What needs to be done: Print the records below exactly, from the line containing "1961 Topps Baseball" down to the line containing "Wadenhoe Bespoke Standard", both lines included, and omit every picture.

── Data to process

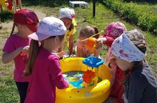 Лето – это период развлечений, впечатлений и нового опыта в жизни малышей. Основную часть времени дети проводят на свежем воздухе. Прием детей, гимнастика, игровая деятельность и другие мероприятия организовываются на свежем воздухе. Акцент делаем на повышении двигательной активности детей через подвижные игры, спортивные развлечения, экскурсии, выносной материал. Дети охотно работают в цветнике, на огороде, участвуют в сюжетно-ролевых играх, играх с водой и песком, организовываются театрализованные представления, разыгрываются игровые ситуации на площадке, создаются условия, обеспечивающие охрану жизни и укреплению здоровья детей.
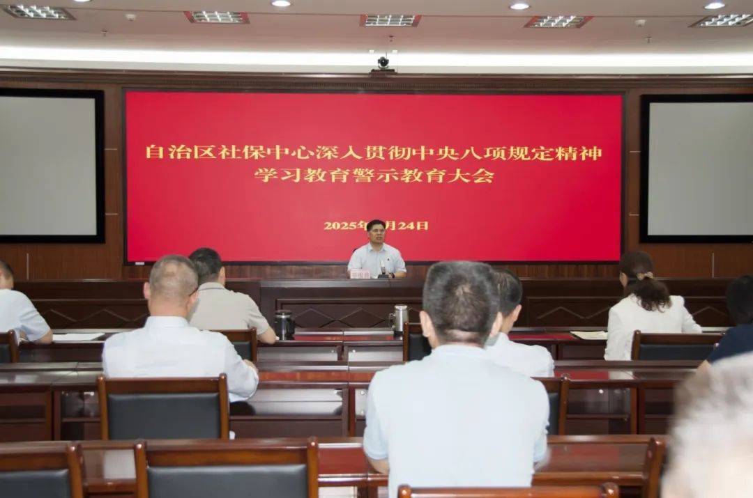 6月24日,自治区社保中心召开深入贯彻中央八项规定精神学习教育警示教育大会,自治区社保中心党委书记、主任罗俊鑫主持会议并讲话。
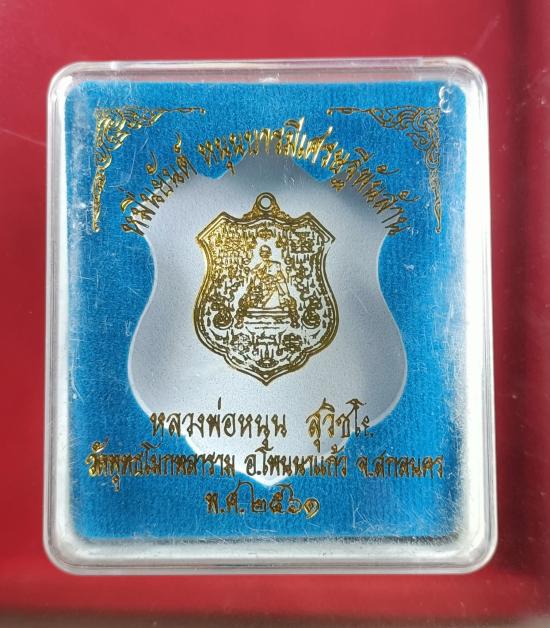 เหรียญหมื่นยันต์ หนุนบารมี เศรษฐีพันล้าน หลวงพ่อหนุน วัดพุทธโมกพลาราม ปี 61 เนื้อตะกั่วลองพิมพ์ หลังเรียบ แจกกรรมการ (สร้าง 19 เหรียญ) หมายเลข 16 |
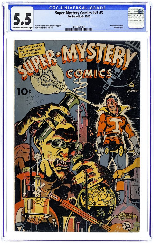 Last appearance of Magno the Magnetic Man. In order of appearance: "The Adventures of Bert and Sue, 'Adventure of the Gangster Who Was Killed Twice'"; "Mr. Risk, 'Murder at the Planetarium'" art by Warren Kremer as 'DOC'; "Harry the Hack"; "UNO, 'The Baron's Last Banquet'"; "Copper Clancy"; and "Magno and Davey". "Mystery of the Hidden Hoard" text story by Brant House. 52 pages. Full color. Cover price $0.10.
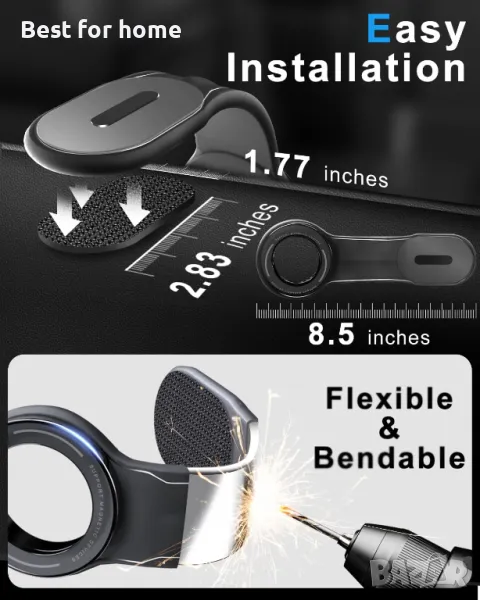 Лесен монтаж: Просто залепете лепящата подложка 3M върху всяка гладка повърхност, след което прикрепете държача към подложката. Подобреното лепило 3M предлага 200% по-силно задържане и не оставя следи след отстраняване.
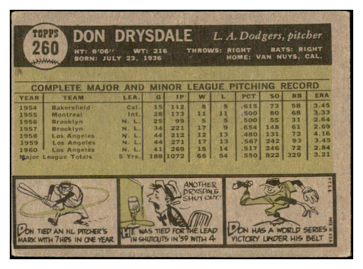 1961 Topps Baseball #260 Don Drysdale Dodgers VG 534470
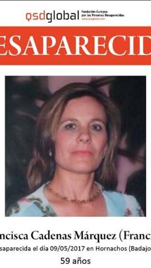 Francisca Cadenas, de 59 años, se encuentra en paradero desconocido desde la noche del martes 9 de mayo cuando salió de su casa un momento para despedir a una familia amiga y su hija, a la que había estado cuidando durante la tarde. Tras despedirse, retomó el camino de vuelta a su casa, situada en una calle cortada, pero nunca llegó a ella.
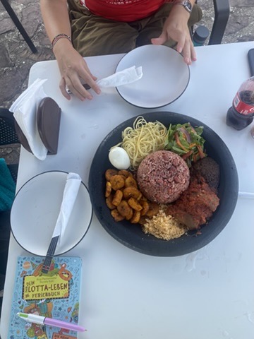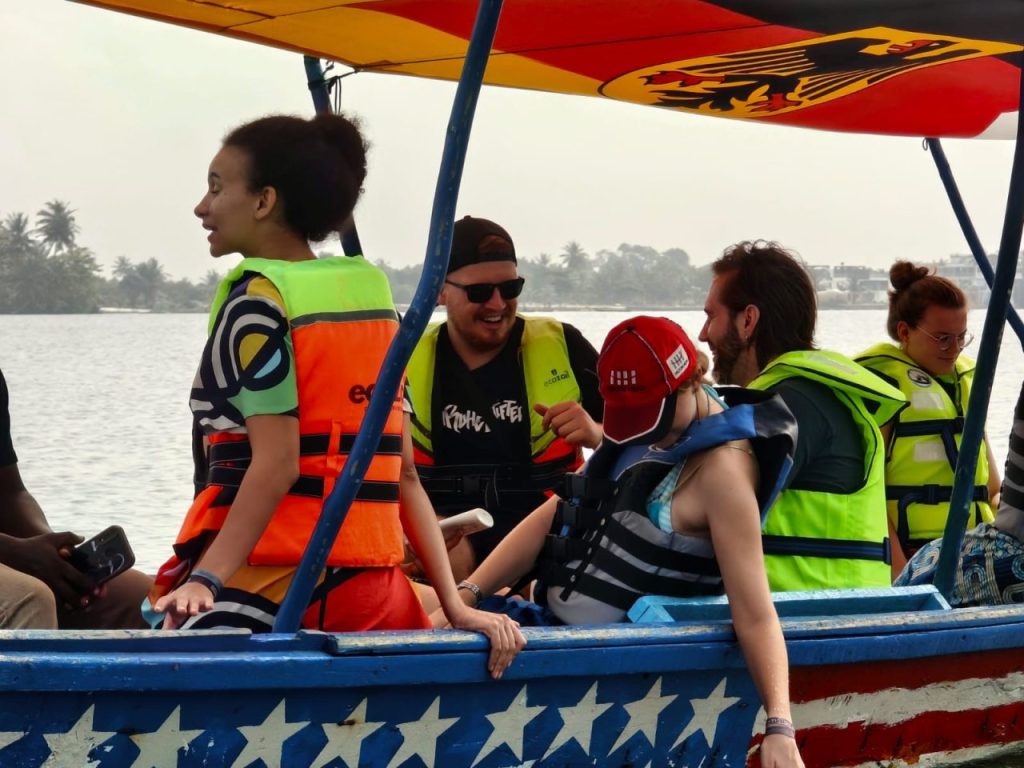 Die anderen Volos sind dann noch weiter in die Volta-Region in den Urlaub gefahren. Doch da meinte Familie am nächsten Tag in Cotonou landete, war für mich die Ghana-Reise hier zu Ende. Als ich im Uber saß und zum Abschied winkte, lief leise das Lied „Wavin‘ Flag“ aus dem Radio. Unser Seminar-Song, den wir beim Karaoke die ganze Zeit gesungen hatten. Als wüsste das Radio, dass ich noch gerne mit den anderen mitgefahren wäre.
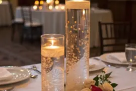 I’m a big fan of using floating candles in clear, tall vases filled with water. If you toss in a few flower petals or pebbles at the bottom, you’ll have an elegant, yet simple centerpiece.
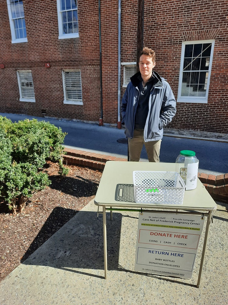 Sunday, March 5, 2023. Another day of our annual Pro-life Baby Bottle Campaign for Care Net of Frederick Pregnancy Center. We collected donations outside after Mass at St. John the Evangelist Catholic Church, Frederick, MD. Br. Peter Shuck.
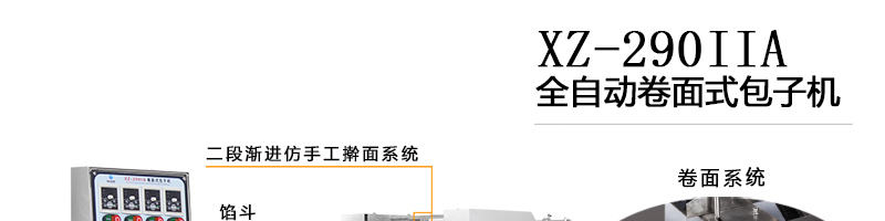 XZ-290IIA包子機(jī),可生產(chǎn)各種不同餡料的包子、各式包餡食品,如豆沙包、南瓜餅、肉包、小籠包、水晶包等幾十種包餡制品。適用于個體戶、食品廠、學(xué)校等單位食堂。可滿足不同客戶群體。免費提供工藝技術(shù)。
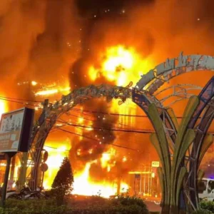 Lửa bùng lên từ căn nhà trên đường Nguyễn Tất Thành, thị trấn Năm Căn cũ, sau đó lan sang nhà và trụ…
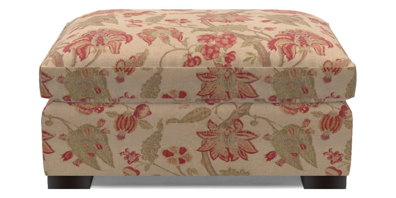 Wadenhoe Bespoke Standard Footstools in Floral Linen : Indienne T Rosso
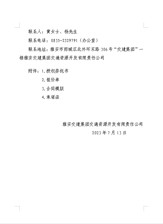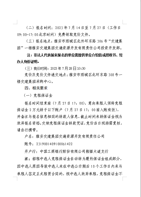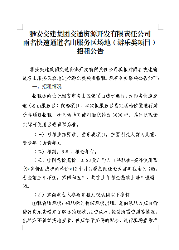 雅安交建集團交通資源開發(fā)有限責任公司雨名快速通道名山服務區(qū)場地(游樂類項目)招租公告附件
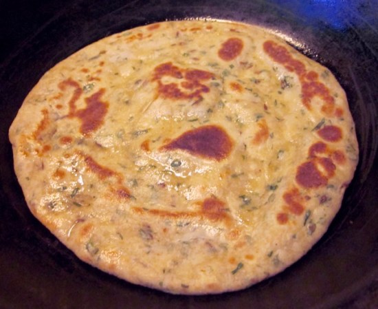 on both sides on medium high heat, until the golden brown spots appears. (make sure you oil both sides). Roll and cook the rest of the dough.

────
── Data to process

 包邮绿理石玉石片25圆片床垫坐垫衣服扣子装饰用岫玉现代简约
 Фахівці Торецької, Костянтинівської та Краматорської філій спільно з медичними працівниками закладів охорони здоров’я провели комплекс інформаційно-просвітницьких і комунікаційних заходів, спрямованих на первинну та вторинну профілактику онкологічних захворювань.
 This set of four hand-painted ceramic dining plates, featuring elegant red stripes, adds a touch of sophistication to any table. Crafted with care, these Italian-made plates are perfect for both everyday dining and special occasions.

────
── Data to process

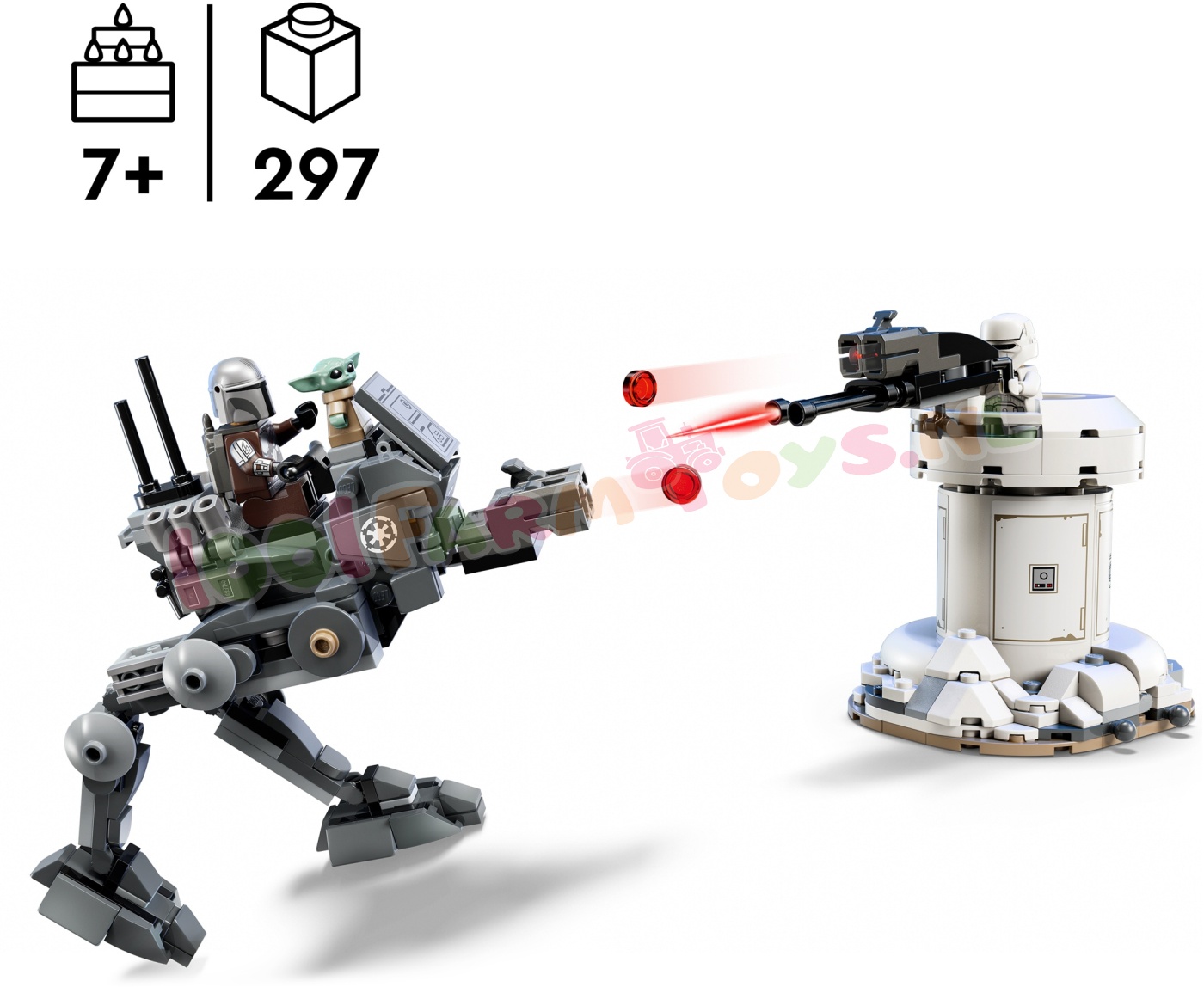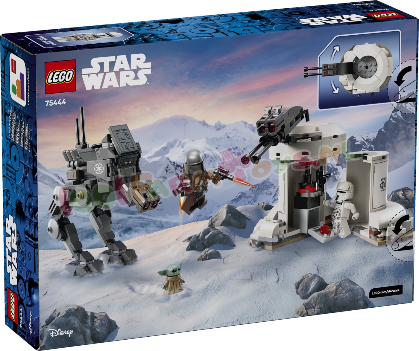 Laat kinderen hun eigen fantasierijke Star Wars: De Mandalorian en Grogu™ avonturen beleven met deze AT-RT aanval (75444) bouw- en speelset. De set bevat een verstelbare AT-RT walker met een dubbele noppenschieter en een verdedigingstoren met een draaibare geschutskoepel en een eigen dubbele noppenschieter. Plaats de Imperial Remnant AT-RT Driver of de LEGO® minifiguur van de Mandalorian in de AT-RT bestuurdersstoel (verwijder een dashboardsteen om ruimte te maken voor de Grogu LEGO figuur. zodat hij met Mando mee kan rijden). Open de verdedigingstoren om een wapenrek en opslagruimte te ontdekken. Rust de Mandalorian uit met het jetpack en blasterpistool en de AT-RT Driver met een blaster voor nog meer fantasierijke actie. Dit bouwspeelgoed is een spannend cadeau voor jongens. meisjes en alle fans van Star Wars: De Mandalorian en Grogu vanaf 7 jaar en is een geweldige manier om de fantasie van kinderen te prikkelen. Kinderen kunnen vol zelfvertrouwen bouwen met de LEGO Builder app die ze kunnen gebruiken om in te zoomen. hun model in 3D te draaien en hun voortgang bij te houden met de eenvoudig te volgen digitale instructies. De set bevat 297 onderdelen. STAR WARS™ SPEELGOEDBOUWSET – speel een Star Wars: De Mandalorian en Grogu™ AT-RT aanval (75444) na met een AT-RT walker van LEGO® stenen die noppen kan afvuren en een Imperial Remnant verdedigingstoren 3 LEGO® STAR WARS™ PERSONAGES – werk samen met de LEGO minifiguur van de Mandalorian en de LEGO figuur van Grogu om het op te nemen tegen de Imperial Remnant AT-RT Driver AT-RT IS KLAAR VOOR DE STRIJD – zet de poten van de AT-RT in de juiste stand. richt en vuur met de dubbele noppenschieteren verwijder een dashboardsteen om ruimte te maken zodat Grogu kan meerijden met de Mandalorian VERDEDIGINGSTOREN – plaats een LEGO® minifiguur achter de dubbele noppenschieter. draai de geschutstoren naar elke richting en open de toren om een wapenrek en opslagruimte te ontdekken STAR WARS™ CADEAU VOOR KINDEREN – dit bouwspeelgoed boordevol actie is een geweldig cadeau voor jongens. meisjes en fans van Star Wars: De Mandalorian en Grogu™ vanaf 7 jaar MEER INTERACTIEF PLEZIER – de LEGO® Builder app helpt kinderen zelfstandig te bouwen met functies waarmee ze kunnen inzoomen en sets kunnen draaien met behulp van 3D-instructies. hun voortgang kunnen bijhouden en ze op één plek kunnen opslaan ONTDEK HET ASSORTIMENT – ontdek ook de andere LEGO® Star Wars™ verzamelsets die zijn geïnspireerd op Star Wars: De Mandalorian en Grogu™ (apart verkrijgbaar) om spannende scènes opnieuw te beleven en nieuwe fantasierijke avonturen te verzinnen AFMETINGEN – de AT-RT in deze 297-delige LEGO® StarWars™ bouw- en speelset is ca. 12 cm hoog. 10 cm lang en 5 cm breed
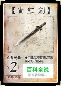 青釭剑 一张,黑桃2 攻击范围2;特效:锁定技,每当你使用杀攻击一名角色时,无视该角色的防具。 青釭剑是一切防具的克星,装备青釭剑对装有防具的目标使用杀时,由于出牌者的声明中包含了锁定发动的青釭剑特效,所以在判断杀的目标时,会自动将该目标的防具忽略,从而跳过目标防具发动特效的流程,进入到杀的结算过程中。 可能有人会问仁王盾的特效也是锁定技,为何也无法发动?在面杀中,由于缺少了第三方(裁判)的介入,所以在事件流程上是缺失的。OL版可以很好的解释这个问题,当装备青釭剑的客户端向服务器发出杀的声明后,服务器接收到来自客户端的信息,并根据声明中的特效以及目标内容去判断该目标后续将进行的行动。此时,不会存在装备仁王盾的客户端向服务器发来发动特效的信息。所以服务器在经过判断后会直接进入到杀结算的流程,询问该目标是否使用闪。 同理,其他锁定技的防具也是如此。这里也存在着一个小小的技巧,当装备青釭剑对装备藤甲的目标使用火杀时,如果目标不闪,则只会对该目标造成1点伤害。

────

Worked solution:
 1961 Topps Baseball #260 Don Drysdale Dodgers VG 534470
 Francisca Cadenas, de 59 años, se encuentra en paradero desconocido desde la noche del martes 9 de mayo cuando salió de su casa un momento para despedir a una familia amiga y su hija, a la que había estado cuidando durante la tarde. Tras despedirse, retomó el camino de vuelta a su casa, situada en una calle cortada, pero nunca llegó a ella.
 Die anderen Volos sind dann noch weiter in die Volta-Region in den Urlaub gefahren. Doch da meinte Familie am nächsten Tag in Cotonou landete, war für mich die Ghana-Reise hier zu Ende. Als ich im Uber saß und zum Abschied winkte, lief leise das Lied „Wavin‘ Flag“ aus dem Radio. Unser Seminar-Song, den wir beim Karaoke die ganze Zeit gesungen hatten. Als wüsste das Radio, dass ich noch gerne mit den anderen mitgefahren wäre.
 I’m a big fan of using floating candles in clear, tall vases filled with water. If you toss in a few flower petals or pebbles at the bottom, you’ll have an elegant, yet simple centerpiece.
 Sunday, March 5, 2023. Another day of our annual Pro-life Baby Bottle Campaign for Care Net of Frederick Pregnancy Center. We collected donations outside after Mass at St. John the Evangelist Catholic Church, Frederick, MD. Br. Peter Shuck.
 XZ-290IIA包子機(jī),可生產(chǎn)各種不同餡料的包子、各式包餡食品,如豆沙包、南瓜餅、肉包、小籠包、水晶包等幾十種包餡制品。適用于個體戶、食品廠、學(xué)校等單位食堂。可滿足不同客戶群體。免費提供工藝技術(shù)。
 Lửa bùng lên từ căn nhà trên đường Nguyễn Tất Thành, thị trấn Năm Căn cũ, sau đó lan sang nhà và trụ…
 Wadenhoe Bespoke Standard Footstools in Floral Linen : Indienne T Rosso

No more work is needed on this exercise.